▸ **DESCRIPTION OF THE TASK**:
Repeat only the lines below from the one containing "रेवाड़ी। विद्यार्थियों को" through the one containing "La força del", inclusive, exactly as written.

▸ **DATA PROVIDED**:
-- Opening Marker --

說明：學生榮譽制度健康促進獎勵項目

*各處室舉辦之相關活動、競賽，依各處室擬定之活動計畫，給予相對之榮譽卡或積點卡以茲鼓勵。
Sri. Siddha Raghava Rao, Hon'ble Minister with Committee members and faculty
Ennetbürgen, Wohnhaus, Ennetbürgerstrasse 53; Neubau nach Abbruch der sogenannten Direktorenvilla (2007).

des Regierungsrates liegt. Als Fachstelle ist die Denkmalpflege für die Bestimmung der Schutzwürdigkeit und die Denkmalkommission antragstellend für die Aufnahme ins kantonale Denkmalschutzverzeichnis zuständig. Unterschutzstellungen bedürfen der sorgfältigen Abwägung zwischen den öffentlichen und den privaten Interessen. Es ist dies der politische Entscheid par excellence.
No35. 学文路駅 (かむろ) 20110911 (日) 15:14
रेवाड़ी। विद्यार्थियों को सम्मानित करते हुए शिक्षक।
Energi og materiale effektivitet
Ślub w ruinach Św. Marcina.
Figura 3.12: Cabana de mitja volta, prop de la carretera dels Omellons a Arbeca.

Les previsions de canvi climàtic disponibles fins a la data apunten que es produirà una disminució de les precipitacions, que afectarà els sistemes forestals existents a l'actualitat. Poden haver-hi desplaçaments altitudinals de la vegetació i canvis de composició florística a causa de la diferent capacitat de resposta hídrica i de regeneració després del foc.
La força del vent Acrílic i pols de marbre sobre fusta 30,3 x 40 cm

-- Closing Marker --
-- Opening Marker --

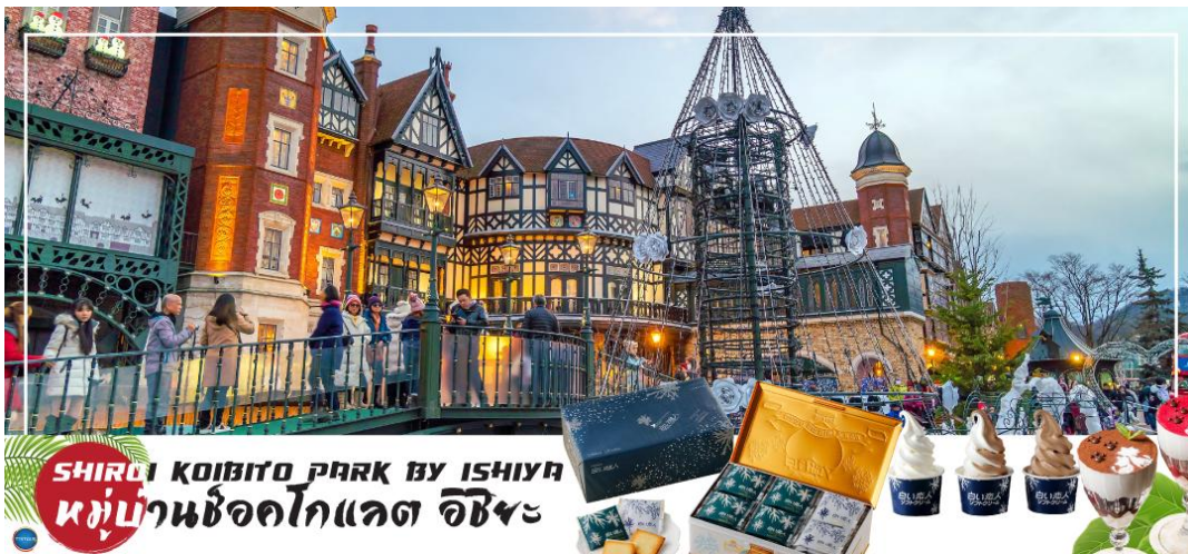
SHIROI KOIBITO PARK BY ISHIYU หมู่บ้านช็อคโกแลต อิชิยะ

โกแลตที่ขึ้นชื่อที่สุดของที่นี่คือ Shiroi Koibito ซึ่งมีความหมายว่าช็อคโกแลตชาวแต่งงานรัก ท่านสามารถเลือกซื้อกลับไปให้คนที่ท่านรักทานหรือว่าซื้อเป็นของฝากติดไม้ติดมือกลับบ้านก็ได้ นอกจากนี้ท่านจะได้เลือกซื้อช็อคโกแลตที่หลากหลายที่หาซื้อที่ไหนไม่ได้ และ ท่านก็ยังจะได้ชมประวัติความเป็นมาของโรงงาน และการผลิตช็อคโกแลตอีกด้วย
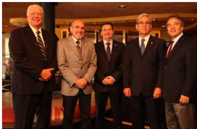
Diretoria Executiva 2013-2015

-- Closing Marker --

▸ **TASK ANSWER**:
रेवाड़ी। विद्यार्थियों को सम्मानित करते हुए शिक्षक।
Energi og materiale effektivitet
Ślub w ruinach Św. Marcina.
Figura 3.12: Cabana de mitja volta, prop de la carretera dels Omellons a Arbeca.

Les previsions de canvi climàtic disponibles fins a la data apunten que es produirà una disminució de les precipitacions, que afectarà els sistemes forestals existents a l'actualitat. Poden haver-hi desplaçaments altitudinals de la vegetació i canvis de composició florística a causa de la diferent capacitat de resposta hídrica i de regeneració després del foc.
La força del vent Acrílic i pols de marbre sobre fusta 30,3 x 40 cm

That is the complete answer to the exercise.